## How to complete this task:
Records follow. Print exactly the lines from the one that has "Šitá kulička z" through the one that has "(holly, candy cane)", inclusive, and omit the pictures.

## Records:
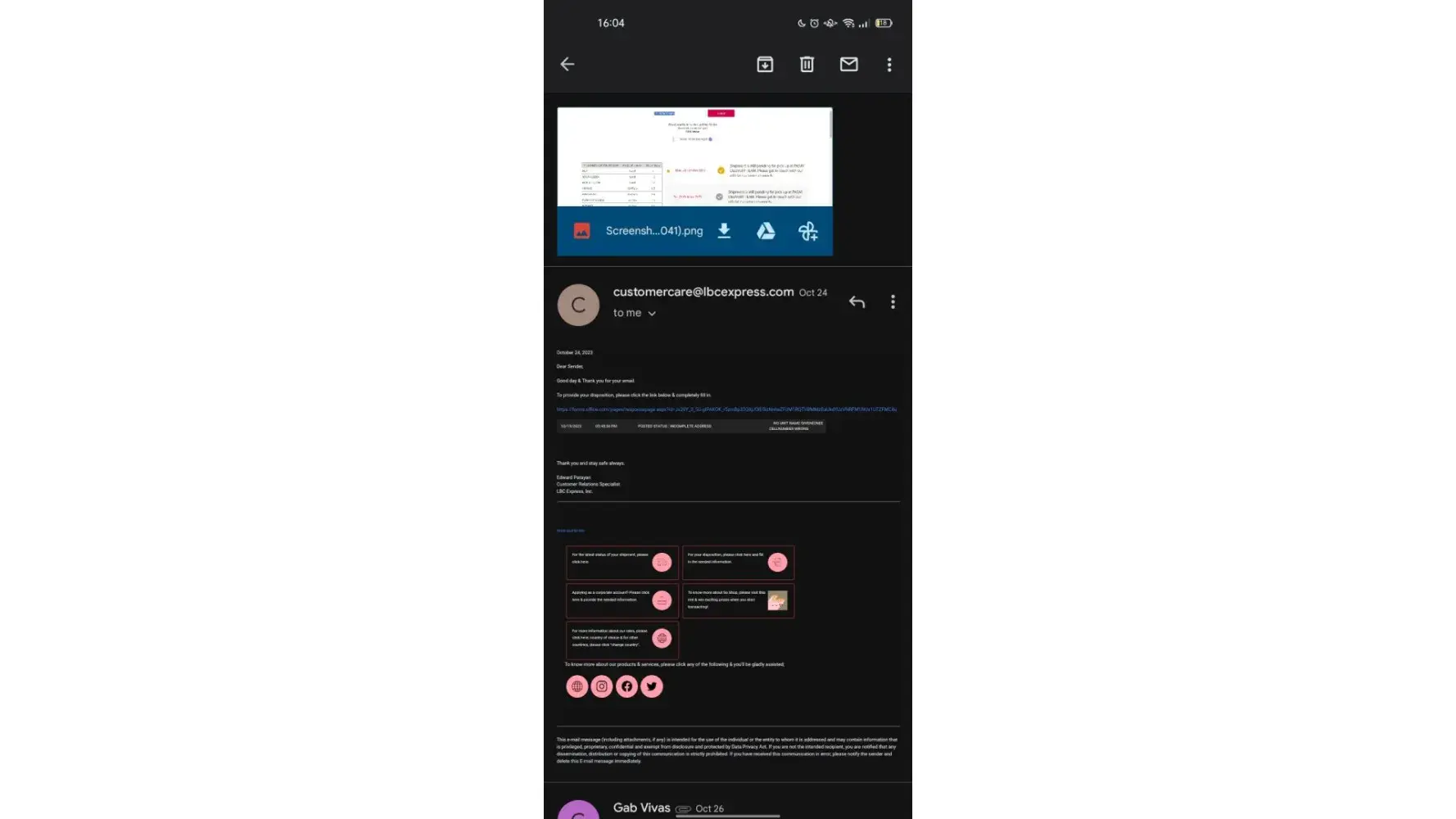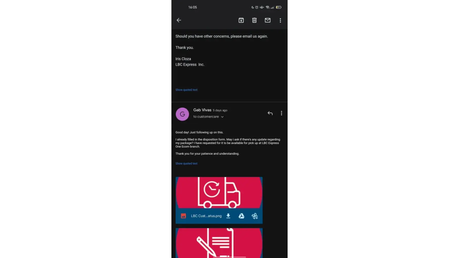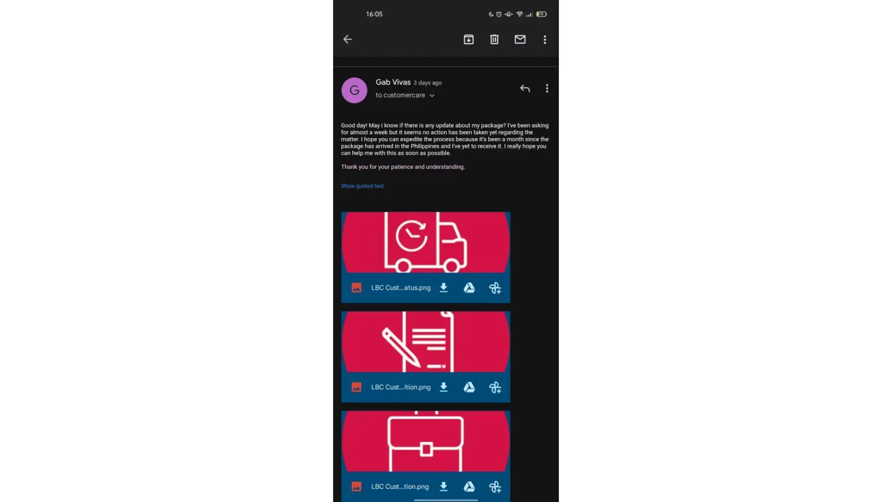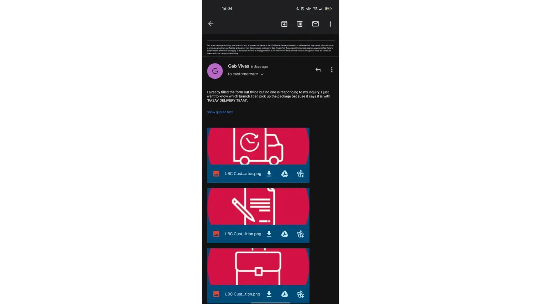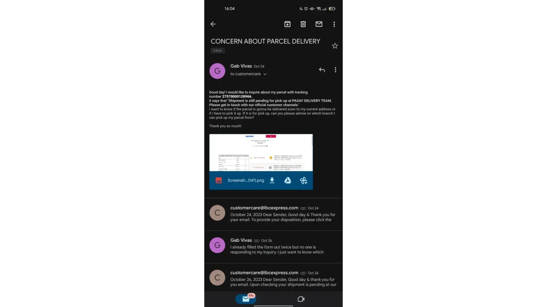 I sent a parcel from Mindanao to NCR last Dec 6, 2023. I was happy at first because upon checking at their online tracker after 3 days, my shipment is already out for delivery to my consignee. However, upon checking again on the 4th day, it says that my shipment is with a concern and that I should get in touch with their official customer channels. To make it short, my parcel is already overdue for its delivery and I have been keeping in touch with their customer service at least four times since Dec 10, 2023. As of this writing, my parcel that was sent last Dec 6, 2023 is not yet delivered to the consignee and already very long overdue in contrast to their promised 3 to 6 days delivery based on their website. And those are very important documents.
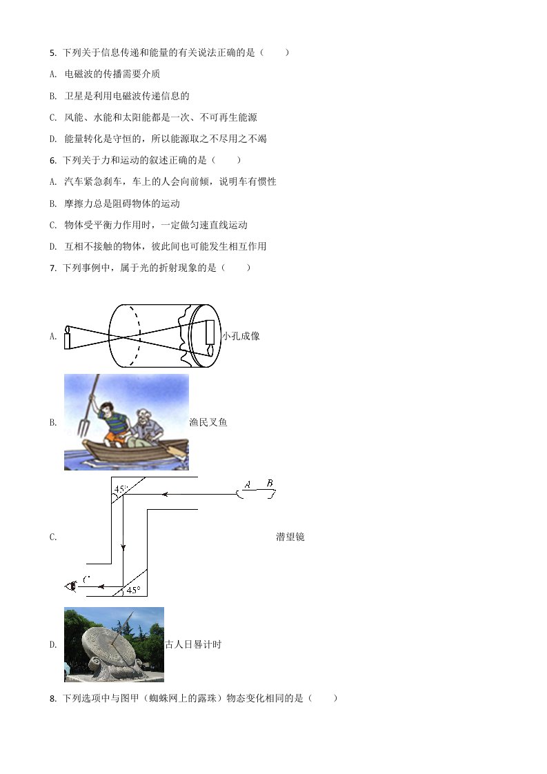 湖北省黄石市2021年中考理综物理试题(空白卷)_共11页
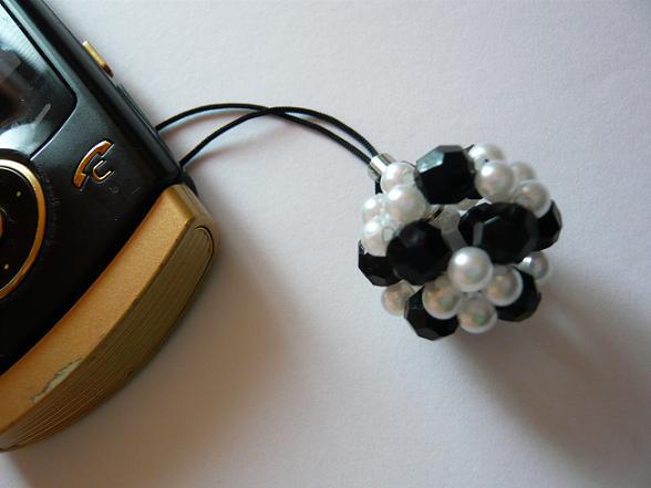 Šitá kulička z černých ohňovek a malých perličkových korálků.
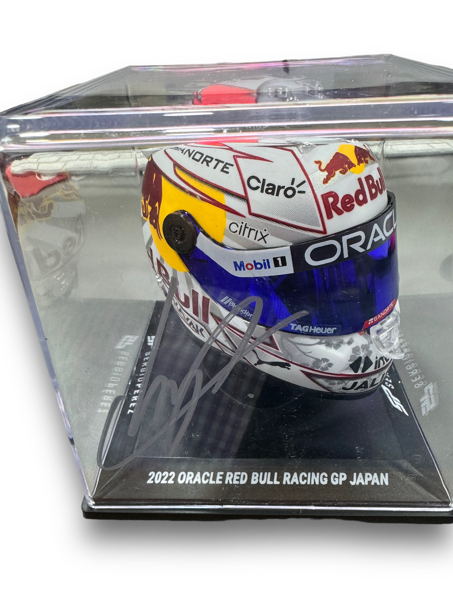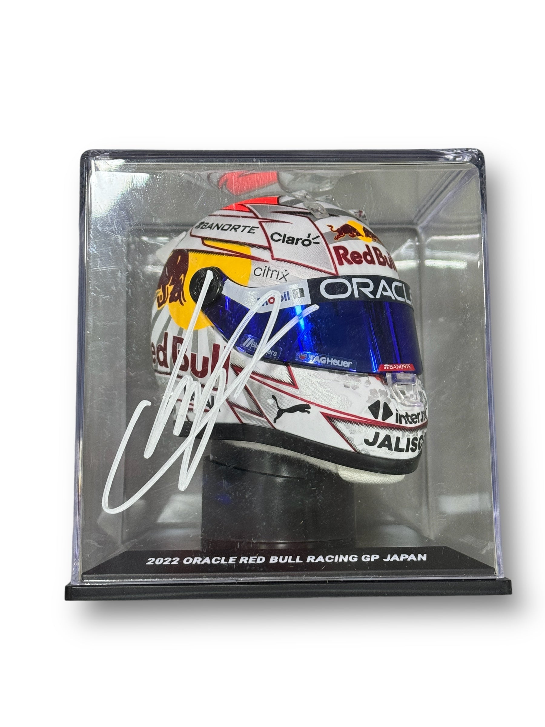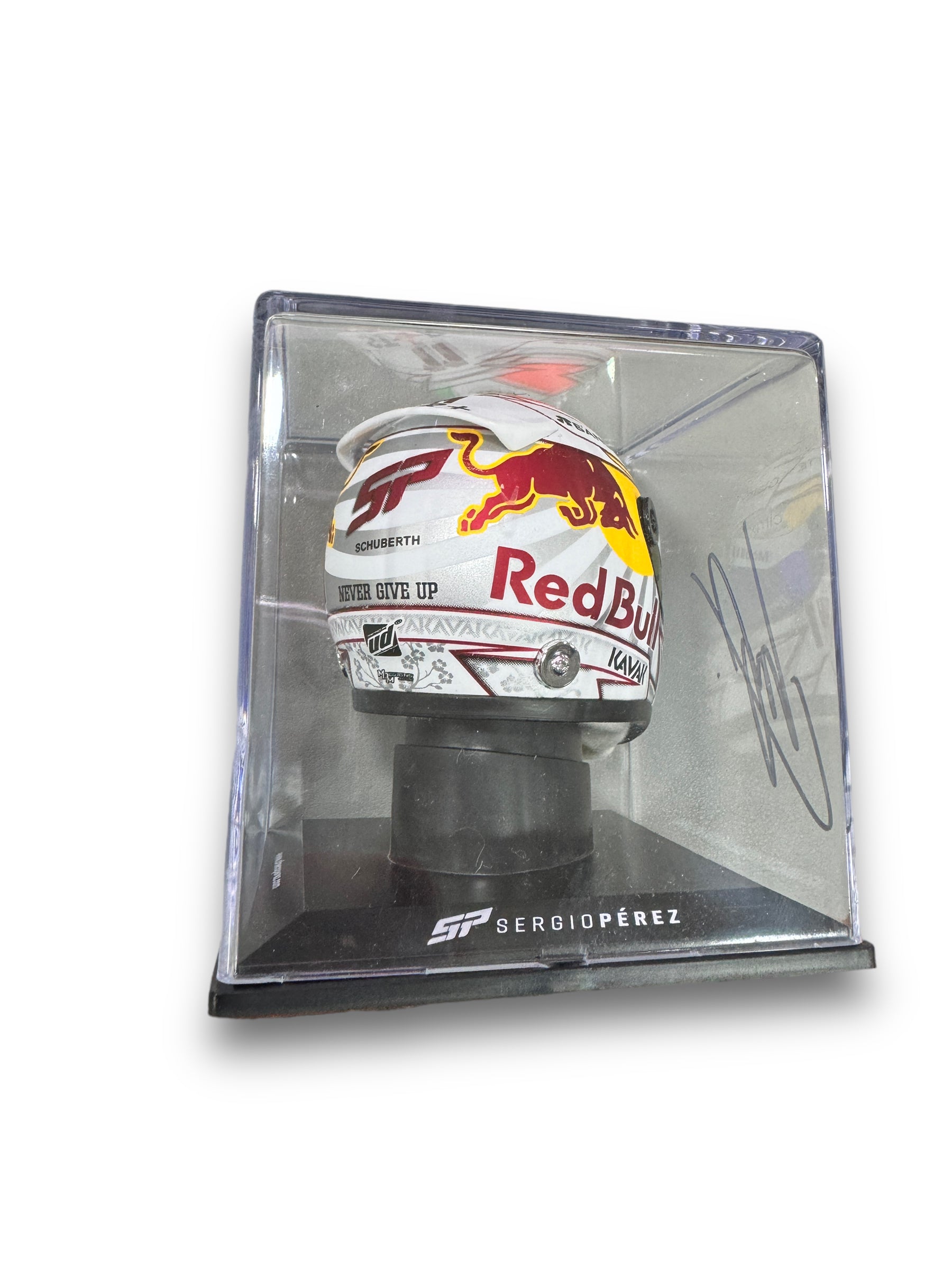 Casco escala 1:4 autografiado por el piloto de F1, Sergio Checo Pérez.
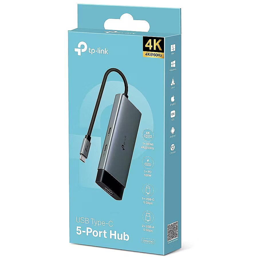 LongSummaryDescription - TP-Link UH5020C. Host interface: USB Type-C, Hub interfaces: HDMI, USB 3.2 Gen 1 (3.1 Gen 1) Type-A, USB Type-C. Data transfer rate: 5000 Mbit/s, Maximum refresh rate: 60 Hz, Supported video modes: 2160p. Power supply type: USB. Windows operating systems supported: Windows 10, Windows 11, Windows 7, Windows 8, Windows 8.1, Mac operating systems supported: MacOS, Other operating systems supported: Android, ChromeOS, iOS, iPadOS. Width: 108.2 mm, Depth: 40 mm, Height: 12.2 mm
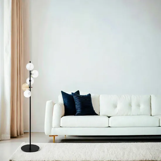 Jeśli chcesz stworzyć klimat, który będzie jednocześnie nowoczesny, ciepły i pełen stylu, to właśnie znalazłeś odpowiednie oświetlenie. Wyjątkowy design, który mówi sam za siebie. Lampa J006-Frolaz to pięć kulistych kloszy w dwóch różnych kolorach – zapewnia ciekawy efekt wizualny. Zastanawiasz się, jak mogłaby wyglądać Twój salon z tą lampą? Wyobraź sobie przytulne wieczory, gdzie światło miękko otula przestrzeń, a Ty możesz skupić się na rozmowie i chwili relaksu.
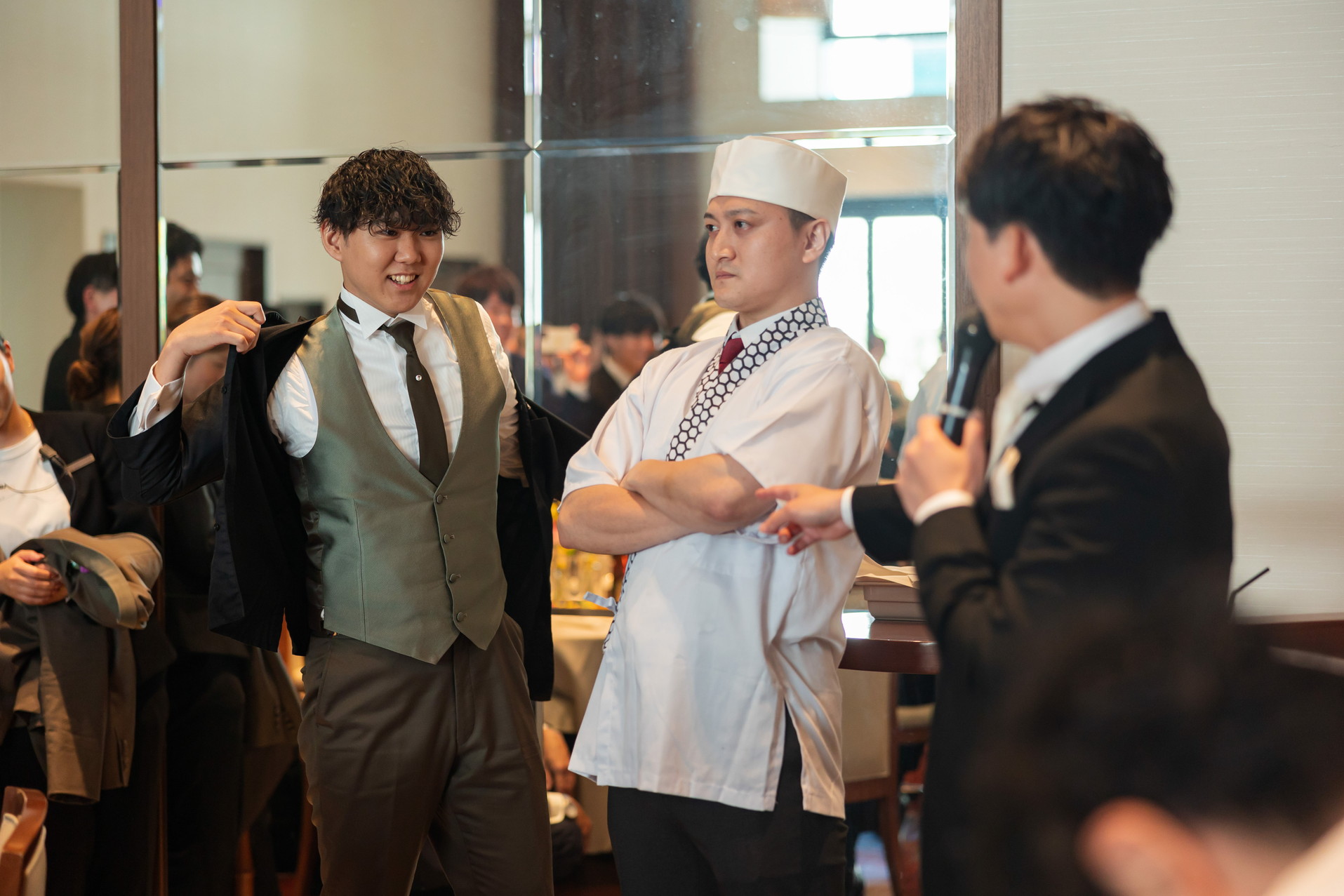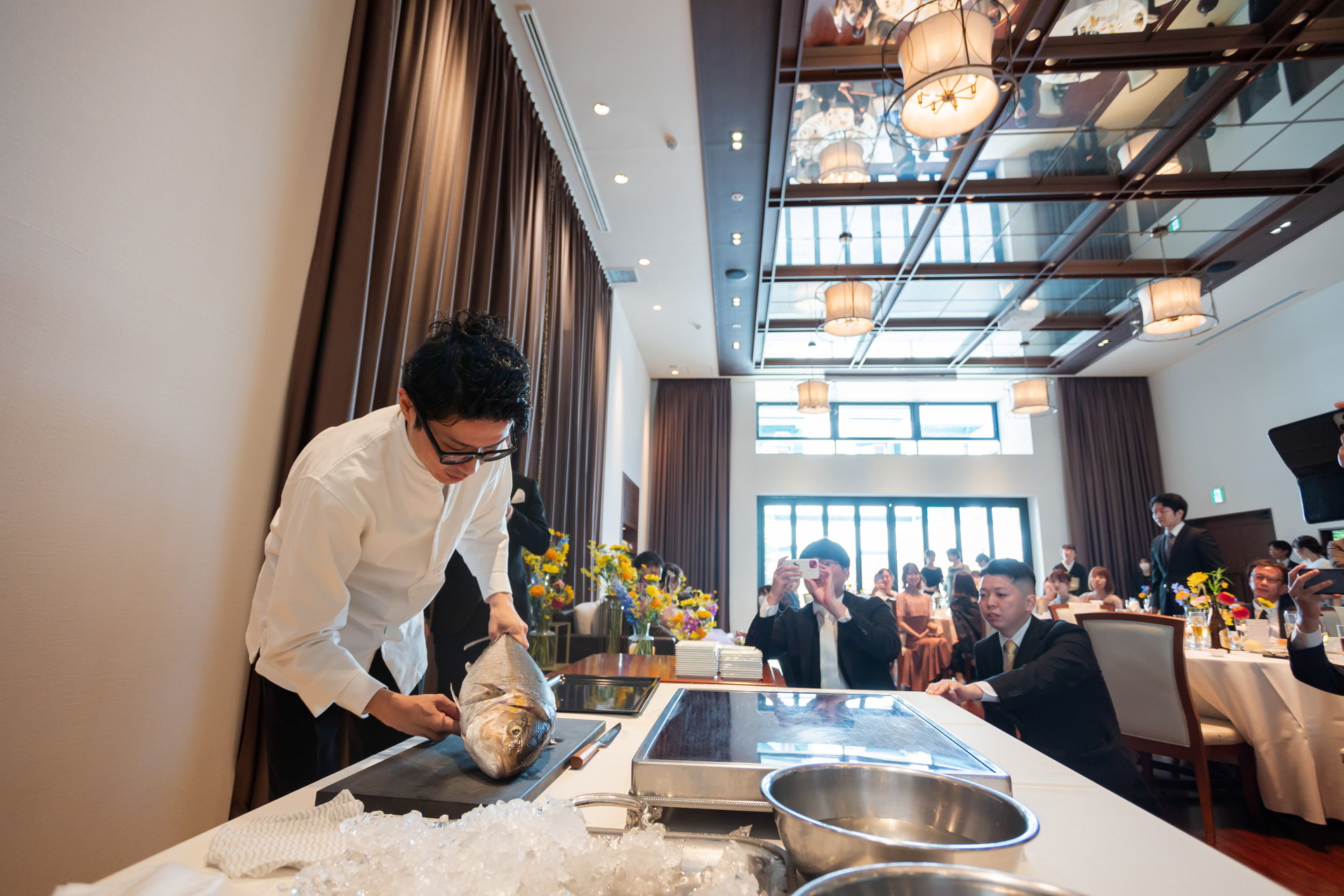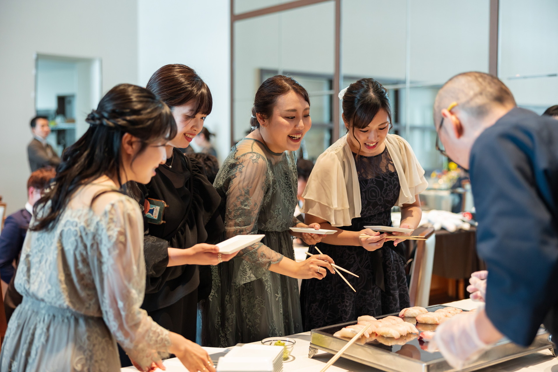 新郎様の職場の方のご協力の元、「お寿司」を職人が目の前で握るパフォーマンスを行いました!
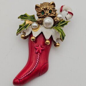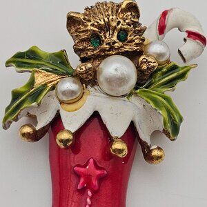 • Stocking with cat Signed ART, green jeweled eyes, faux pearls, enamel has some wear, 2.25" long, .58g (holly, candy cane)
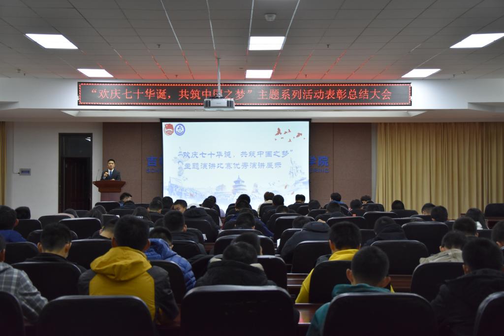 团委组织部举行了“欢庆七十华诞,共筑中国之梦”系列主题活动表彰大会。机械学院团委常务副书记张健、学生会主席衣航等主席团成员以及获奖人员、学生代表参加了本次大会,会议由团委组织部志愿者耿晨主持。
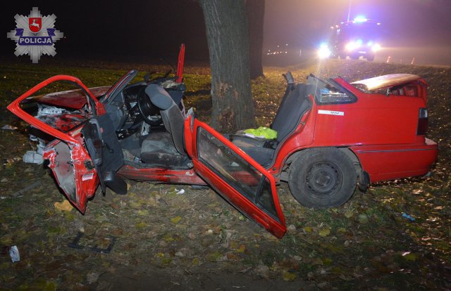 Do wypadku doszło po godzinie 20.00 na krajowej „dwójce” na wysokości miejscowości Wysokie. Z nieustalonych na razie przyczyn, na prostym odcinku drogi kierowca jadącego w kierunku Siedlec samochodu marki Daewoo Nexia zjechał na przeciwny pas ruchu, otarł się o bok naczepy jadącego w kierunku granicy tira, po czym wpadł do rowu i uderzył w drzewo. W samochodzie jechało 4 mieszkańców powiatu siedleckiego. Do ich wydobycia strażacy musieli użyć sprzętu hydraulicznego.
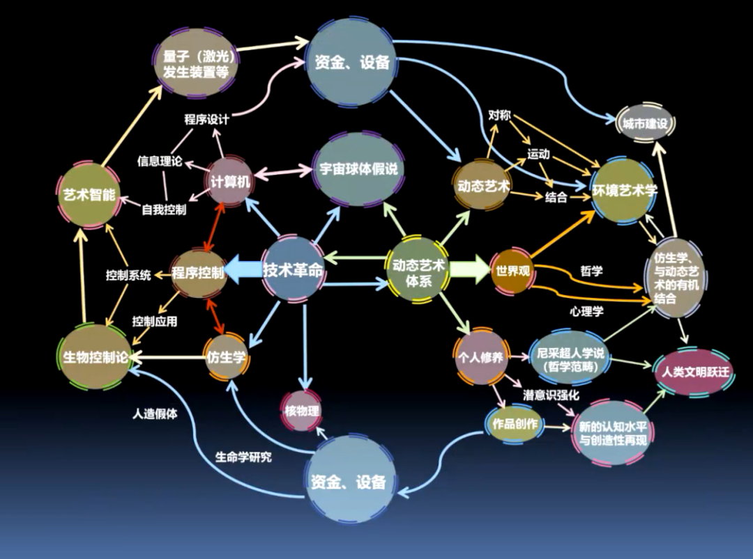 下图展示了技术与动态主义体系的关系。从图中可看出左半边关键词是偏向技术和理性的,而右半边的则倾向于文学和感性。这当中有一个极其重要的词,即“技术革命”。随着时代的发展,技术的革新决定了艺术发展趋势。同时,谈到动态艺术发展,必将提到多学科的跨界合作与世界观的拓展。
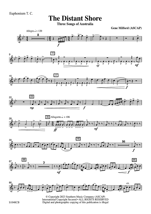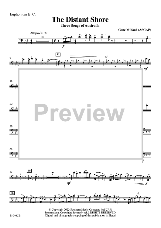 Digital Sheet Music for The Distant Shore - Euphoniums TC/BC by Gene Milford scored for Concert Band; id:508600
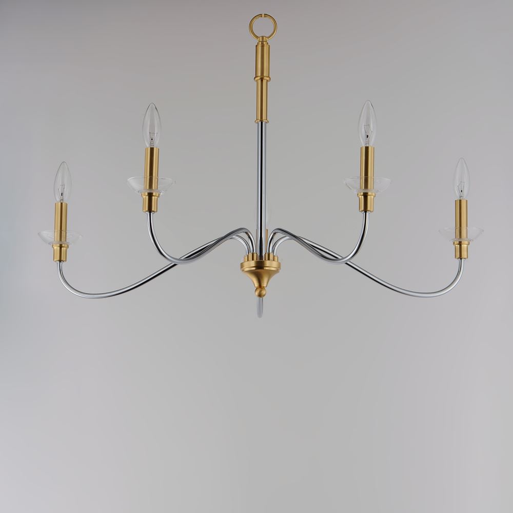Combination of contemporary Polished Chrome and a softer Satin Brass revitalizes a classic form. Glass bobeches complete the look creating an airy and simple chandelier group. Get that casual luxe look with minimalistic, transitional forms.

## The answer:
 Šitá kulička z černých ohňovek a malých perličkových korálků.
 Casco escala 1:4 autografiado por el piloto de F1, Sergio Checo Pérez.
 LongSummaryDescription - TP-Link UH5020C. Host interface: USB Type-C, Hub interfaces: HDMI, USB 3.2 Gen 1 (3.1 Gen 1) Type-A, USB Type-C. Data transfer rate: 5000 Mbit/s, Maximum refresh rate: 60 Hz, Supported video modes: 2160p. Power supply type: USB. Windows operating systems supported: Windows 10, Windows 11, Windows 7, Windows 8, Windows 8.1, Mac operating systems supported: MacOS, Other operating systems supported: Android, ChromeOS, iOS, iPadOS. Width: 108.2 mm, Depth: 40 mm, Height: 12.2 mm
 Jeśli chcesz stworzyć klimat, który będzie jednocześnie nowoczesny, ciepły i pełen stylu, to właśnie znalazłeś odpowiednie oświetlenie. Wyjątkowy design, który mówi sam za siebie. Lampa J006-Frolaz to pięć kulistych kloszy w dwóch różnych kolorach – zapewnia ciekawy efekt wizualny. Zastanawiasz się, jak mogłaby wyglądać Twój salon z tą lampą? Wyobraź sobie przytulne wieczory, gdzie światło miękko otula przestrzeń, a Ty możesz skupić się na rozmowie i chwili relaksu.
 新郎様の職場の方のご協力の元、「お寿司」を職人が目の前で握るパフォーマンスを行いました!
 • Stocking with cat Signed ART, green jeweled eyes, faux pearls, enamel has some wear, 2.25" long, .58g (holly, candy cane)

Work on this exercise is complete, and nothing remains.